=== TASK DETAILS ===
Give the listing back in full, exactly as written, with the pictures removed.

··· MATERIAL FOR THIS EXERCISE

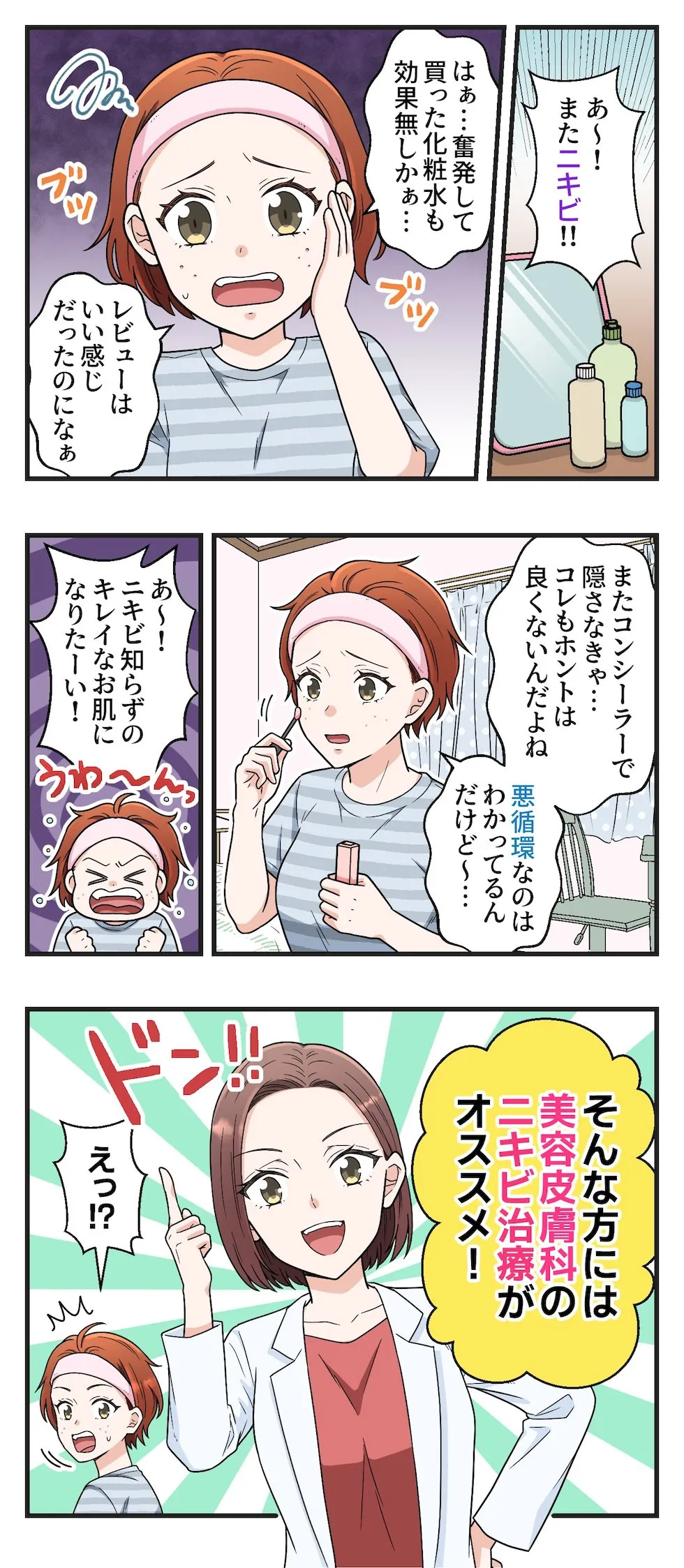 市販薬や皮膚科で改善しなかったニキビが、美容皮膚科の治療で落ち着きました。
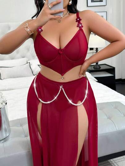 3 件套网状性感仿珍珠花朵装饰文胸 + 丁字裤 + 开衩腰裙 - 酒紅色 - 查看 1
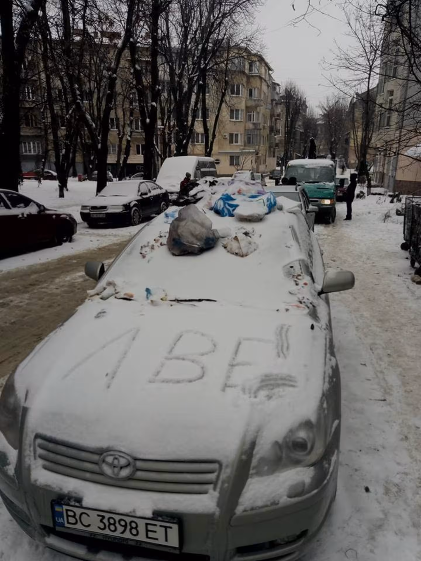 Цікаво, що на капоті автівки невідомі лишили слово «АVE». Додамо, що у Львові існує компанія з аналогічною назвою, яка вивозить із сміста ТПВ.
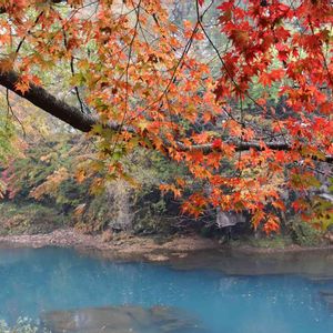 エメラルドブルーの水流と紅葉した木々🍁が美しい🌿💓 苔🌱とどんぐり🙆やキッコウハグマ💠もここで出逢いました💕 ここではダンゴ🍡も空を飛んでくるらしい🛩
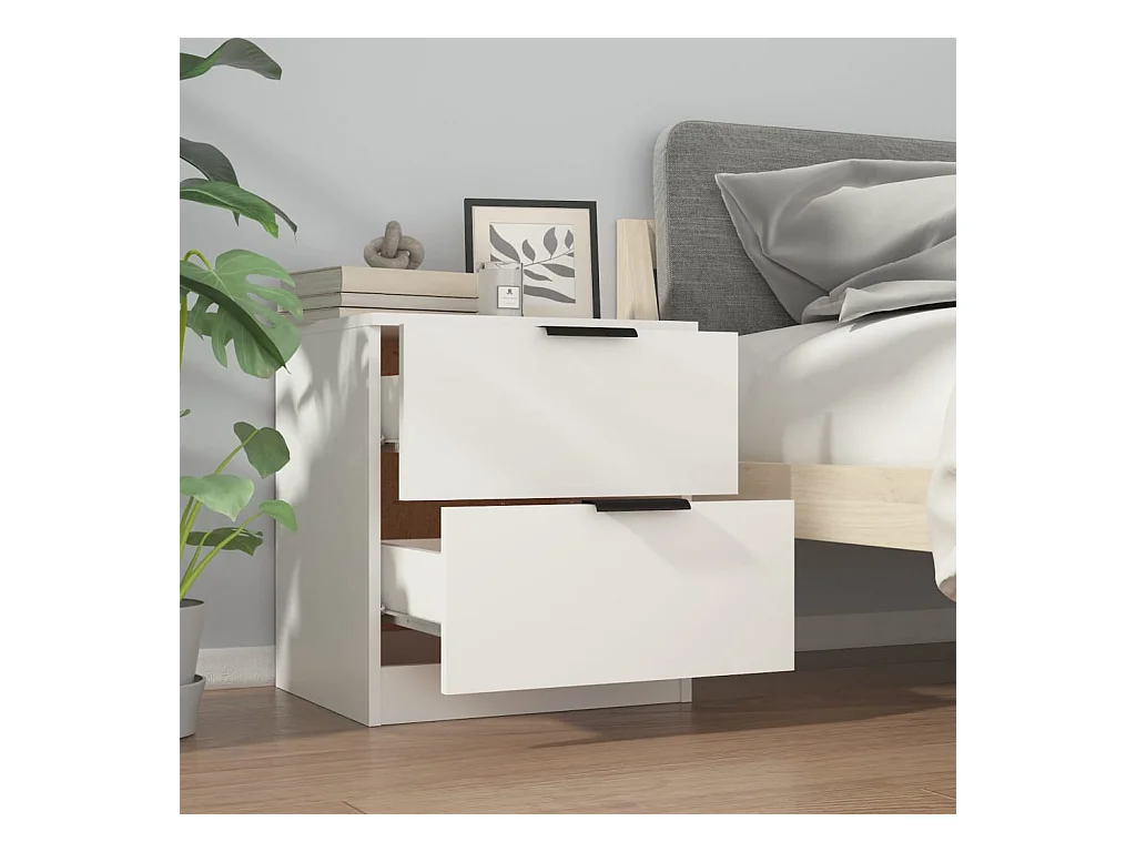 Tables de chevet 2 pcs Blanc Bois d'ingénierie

······

=== WRITTEN RESPONSE ===
 市販薬や皮膚科で改善しなかったニキビが、美容皮膚科の治療で落ち着きました。
 3 件套网状性感仿珍珠花朵装饰文胸 + 丁字裤 + 开衩腰裙 - 酒紅色 - 查看 1
 Цікаво, що на капоті автівки невідомі лишили слово «АVE». Додамо, що у Львові існує компанія з аналогічною назвою, яка вивозить із сміста ТПВ.
 エメラルドブルーの水流と紅葉した木々🍁が美しい🌿💓 苔🌱とどんぐり🙆やキッコウハグマ💠もここで出逢いました💕 ここではダンゴ🍡も空を飛んでくるらしい🛩
 Tables de chevet 2 pcs Blanc Bois d'ingénierie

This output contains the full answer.